By Bill Hayton
BBC News, Hanoi
A delegation from the Vatican has arrived in Vietnam for the latest round of negotiations on establishing diplomatic ties between the two sides.
The Pope and the Vietnamese Prime Minister met in January
The visit comes shortly after the detention of a Catholic priest as well as allegation of abuses of believers by local officials in the country.
Vietnam's government wants to establish relations quickly but the Vatican wants to see several issues resolved first.
This is the 15th round of talks between Vietnam and the Vatican.
The two sides have made considerable progress, and Vietnam's prime minister met Pope Benedict in Rome in January.
But the Vatican - whose delegation is being led by the Holy See's Undersecretary of State for Relations with States, Monsignor Pietro Parolin - remains concerned about a number of issues.

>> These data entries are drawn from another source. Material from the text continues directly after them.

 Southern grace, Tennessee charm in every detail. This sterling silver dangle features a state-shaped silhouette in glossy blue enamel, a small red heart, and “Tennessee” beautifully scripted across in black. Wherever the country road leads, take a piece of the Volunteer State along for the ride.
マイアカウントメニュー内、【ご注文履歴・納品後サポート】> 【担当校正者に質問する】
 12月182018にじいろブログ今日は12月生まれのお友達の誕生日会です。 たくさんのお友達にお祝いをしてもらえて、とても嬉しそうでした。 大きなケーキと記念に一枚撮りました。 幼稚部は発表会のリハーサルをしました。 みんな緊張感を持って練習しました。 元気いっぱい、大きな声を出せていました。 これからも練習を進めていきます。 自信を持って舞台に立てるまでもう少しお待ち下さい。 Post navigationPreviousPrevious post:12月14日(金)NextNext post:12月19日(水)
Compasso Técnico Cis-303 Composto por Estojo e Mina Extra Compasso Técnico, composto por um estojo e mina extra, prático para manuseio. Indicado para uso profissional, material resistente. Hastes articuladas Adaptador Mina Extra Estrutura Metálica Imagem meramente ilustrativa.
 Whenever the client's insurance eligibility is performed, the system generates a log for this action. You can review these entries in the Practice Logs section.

Last month, Father Nguyen Van Ly, a Catholic priest and democracy activist, was taken from his home in the Bishop's Palace in the central city of Hue by police and placed under house arrest 20kms (12 miles) outside the city.

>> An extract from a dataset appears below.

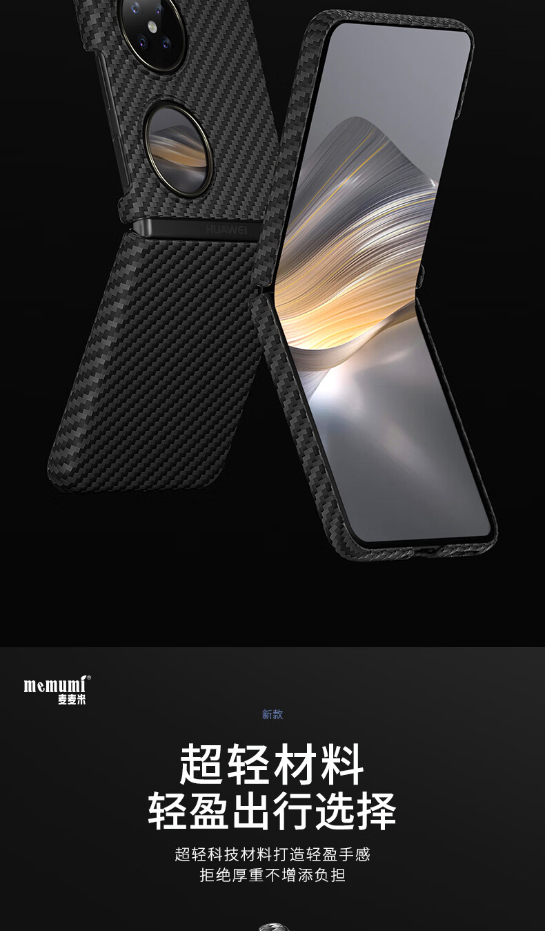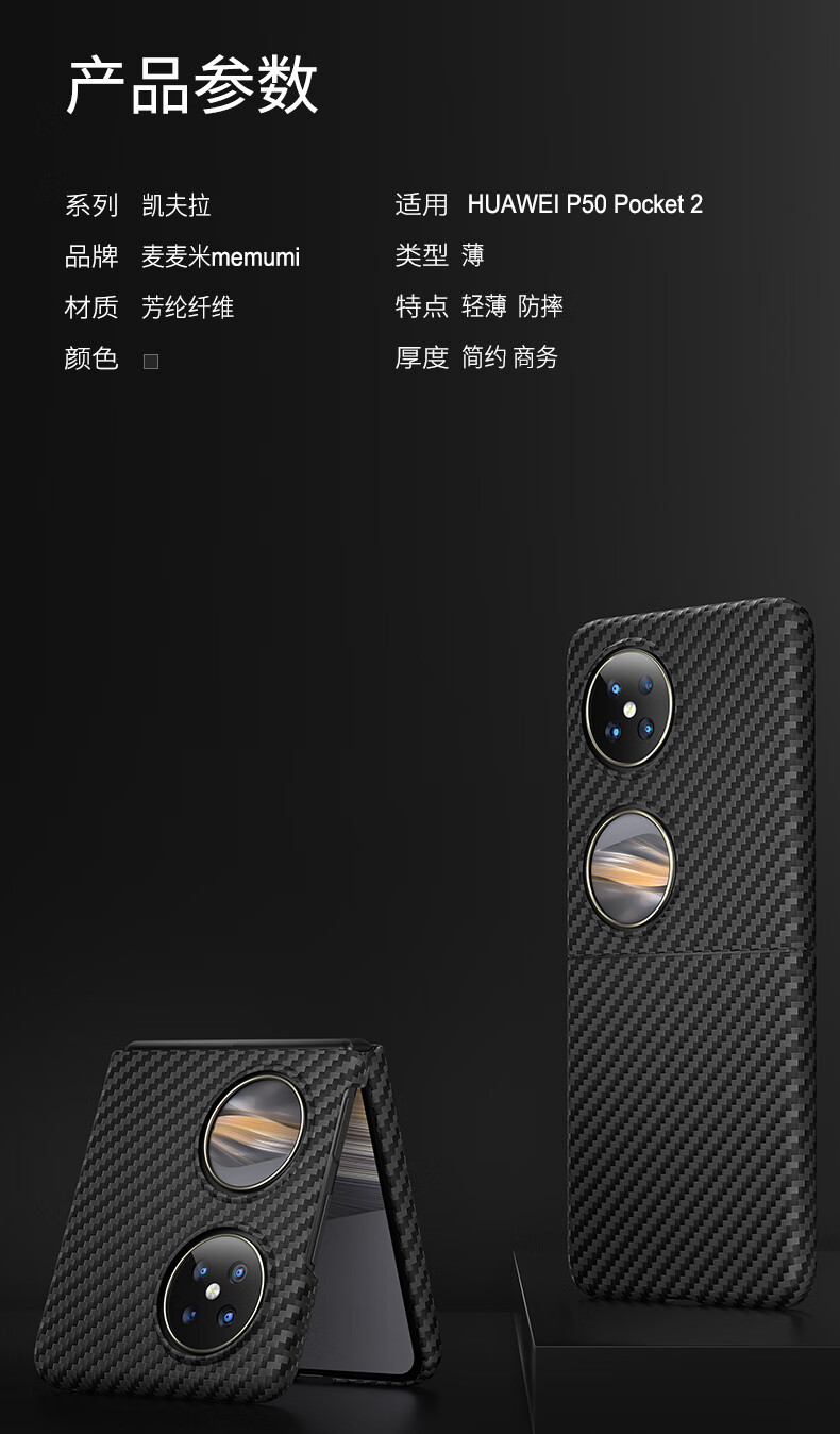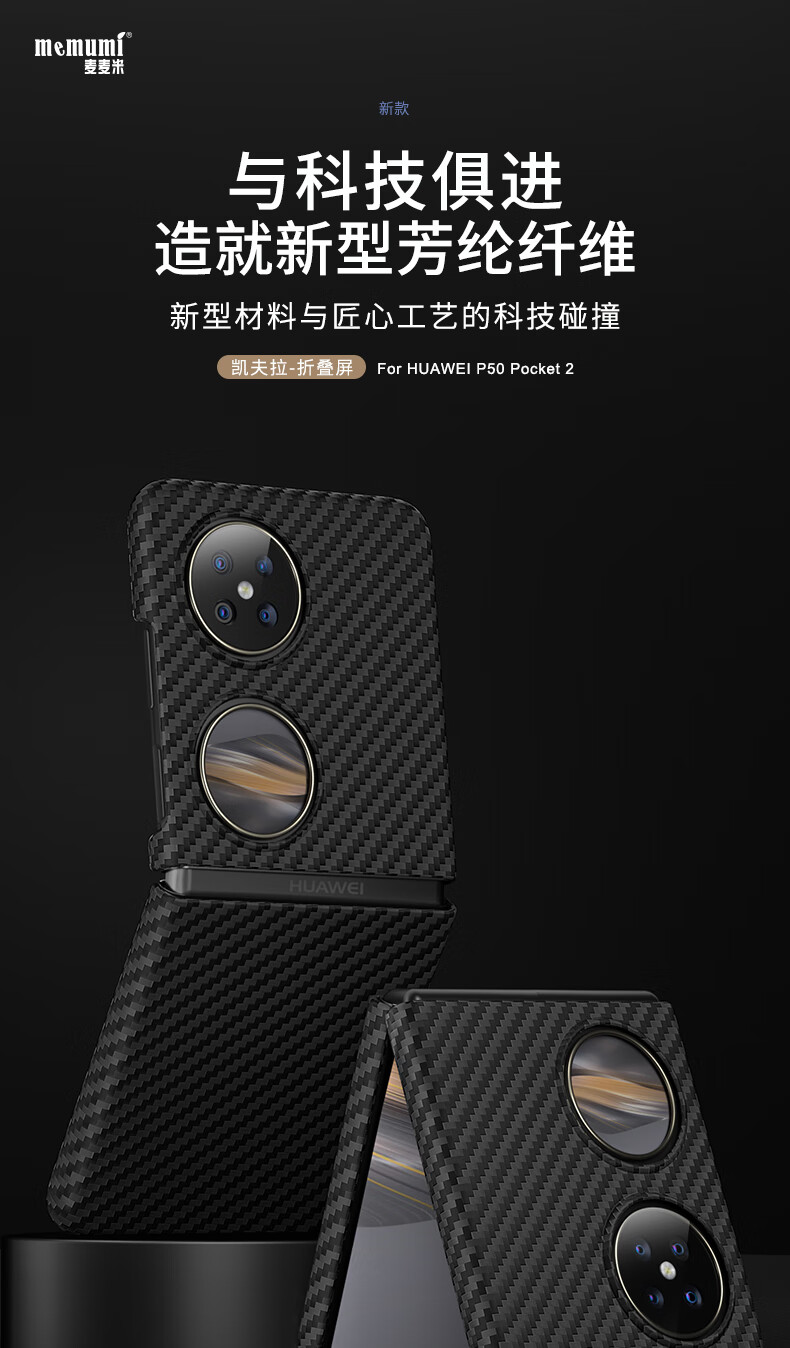 麦麦米适用华为pocket2手机壳 Pocket 2折叠屏凯夫拉芳纶纤维保护套轻奢精孔防摔壳 华为pocket2丨黑色轻奢凯夫拉

A Vatican news agency has also alleged mistreatment of Catholics by, among others, local authorities in the north west of Vietnam.
The Vatican wants the government to return church property confiscated decades ago, and also to be allowed to provide more education and welfare services.
This is something the government is considering as it tries to manage some of the problems caused by Vietnam's rapid economic development.
The government keeps the Catholic Church under tight control - for example, it must approve the appointment of every priest.
This is a legacy of a time when the communist authorities saw the church as an agent of colonialism.
But times have changed and now it sees the church as a potential ally against social problems and even as a force for national unity.